Anyone who is asked to personally guarantee repayment of a corporate loan should take a deep breath – and expert legal advice – before signing on the dotted line. The point was powerfully made by a High Court case in which a businessman found himself liable to pay more than $150 million immediately.
A bank made a secured, fixed-term loan to various corporate entities. The debt was personally and unconditionally guaranteed by the businessman. After installments on the loan fell into arrears, a company to which the bank had assigned the benefit of the loan launched proceedings against him with a view to enforcing the guarantee.
In ruling on the matter, the Court noted that the loan agreement, whilst governed by Greek law, conferred non-exclusive jurisdiction on the English courts to resolve any disputes arising under it. Although there were certain procedural defects in the way the proceedings had been issued, the businessman had long been aware of the claim he faced and had suffered no prejudice. His argument that he had not been properly served with the proceedings was technical in the extreme.
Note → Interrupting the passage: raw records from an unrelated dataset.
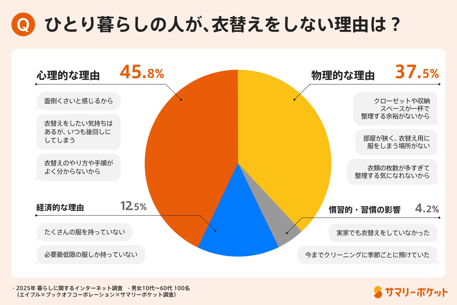 また、「クローゼットや収納スペースが一杯で整理する余裕がない」「部屋が狭くて衣替え用の服をしまう場所がない」「衣類の枚数が多くて整理する気になれない」といった物理的な理由も、衣替えをためらう大きな要因としてあがりました。ひとり暮らし世帯では、この割合が37.5%と、同居世帯の20.0%の約1.9倍にのぼります。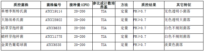 按標(biāo)簽用法制備培養(yǎng)基,接種以下質(zhì)控菌株,放置36±1℃需氧培養(yǎng)48±2小時(shí)。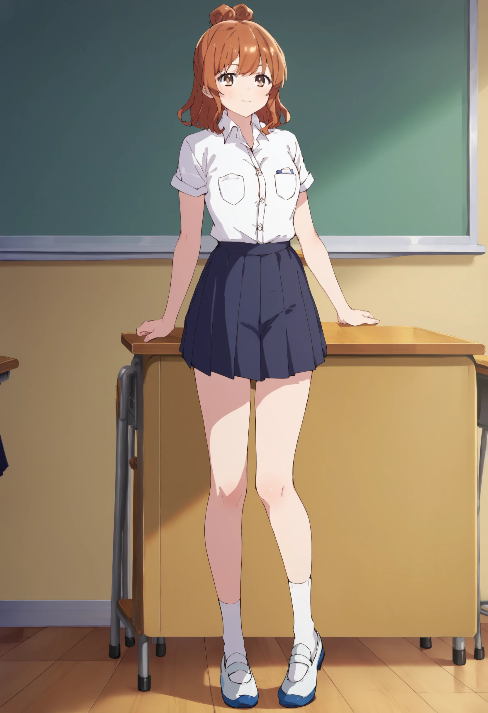School uniform: white shirt, collared shirt, blue pleated skirt, breast pocket, shoes, hair bun, short sleeves, | cardigan,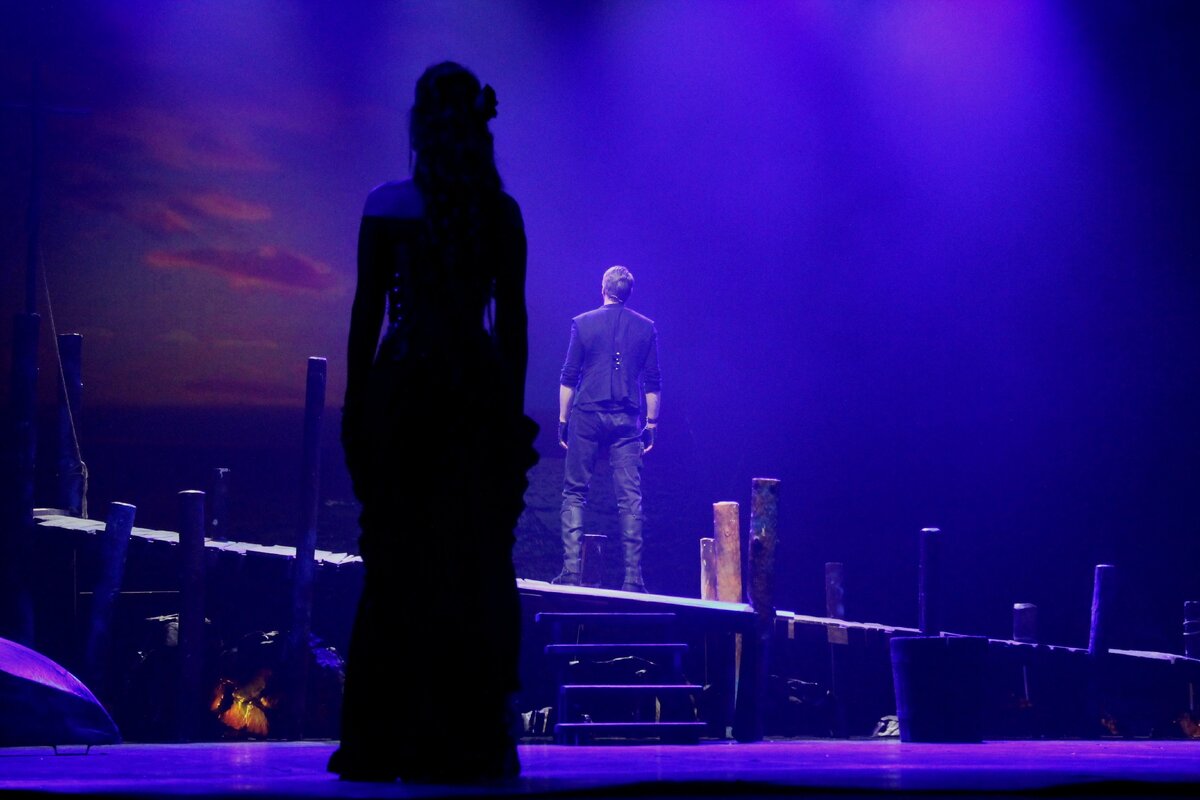 А вот оформление сцены понравилось: море, солнце/луна, причал, лодки. Хотя место действия - гостиница.

The deadline by which he was required to file an acknowledgement of service and a defense to the claim had come and gone without compliance and the company was thus entitled to a default judgment in the full amount of its claim. He in any event had no viable defense to the proceedings and the company was therefore also entitled to summary judgment on the merits. The businessman was ordered to pay the entirety of the outstanding debt, which with interest came to $156,802,126.